Public Eye

Slip of tongue or not, Beijing will set the tone on reform

PUBLISHED : Wednesday, 26 March, 2014, 3:55am
UPDATED : Wednesday, 26 March, 2014, 3:55am

Slip of tongue or not, Beijing will set the tone on reform

Does it matter whether it was a Freudian slip, a slip of the tongue, or if Chief Secretary Carrie Lam Cheng Yuet-ngor really meant it when she said Basic Law experts had given the final word on political reforms? The truth is, however much we yell and shout, the central government will have the final say on the kind of universal suffrage we get. Lam used the Chinese idiom "setting the tone of the gong with one final hit" to mean mainland officials had pointed to the path we must follow. The officials have made clear that path does not include public nomination. Pan-democrats said Lam's words proved public consultation on reforms was just for show. She tried to put a different spin on her comment, but anyone who buys that is a fool. There is no way the central government will allow Hongkongers the final hit in setting the tone of the gong. The sound of that final hit will be emanating from Beijing.

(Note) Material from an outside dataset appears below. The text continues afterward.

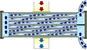 改造前:凝汽器銅管內(nèi)壁水的流動呈現(xiàn)層流狀態(tài)如下

We owe the mainland over triad thugs' extradition

Public Eye is, of course, happy that the two alleged triad thugs accused of knifing former Ming Pao chief editor Kevin Lau Chun-to are now in custody in the city. But we cannot help feeling uneasy about how the pair got into police hands. Mainland police grabbed them in Dongguan , Guangzhou, where they had allegedly fled, and handed them over to Hong Kong despite the absence of an extradition pact. We do not know if the pair voluntarily chose to face Hong Kong justice. They committed no crime on the mainland and, strictly speaking, could have refused to return although we all know how the mainland's heavy-handed police would have dealt with such resistance. We now owe the mainland one. What will Hong Kong do if, for example, a mainland dissident flees here and the mainland demands his return? The government will have to do a quid pro quo; it would be double standards for us to cry foul.


Swift police work on recent attacks leaves us wondering

Hats off to the police for their quick work in nabbing the suspects connected with two attacks on journalists. If past attacks on journalists are anything to go by, the masterminds will never be caught, but the swiftness with which the police acted got Public Eye wondering. How come they were so swift in tracking down suspects linked to the latest two assaults on newshounds but have come up empty for more than a decade in hunting the dog poisoner? Are newshounds more important than actual hounds? Don't answer that.


Assaults on journalists are a slap in police's face

Whichever way you look at it, the attacks on journalists were a slap in the face of the police. The masterminds of previous attacks are all still at large. The brazen daytime strike on Lau amounted to the mastermind saying: "Come and get me." Despite all the big talk by top officials, including the chief executive and police commissioner, that the government would not stand for it, two more journalists got beaten up just weeks after the Lau assault. If that's not a slap in the face, what is?

Michael Chugani is a columnist and television show host.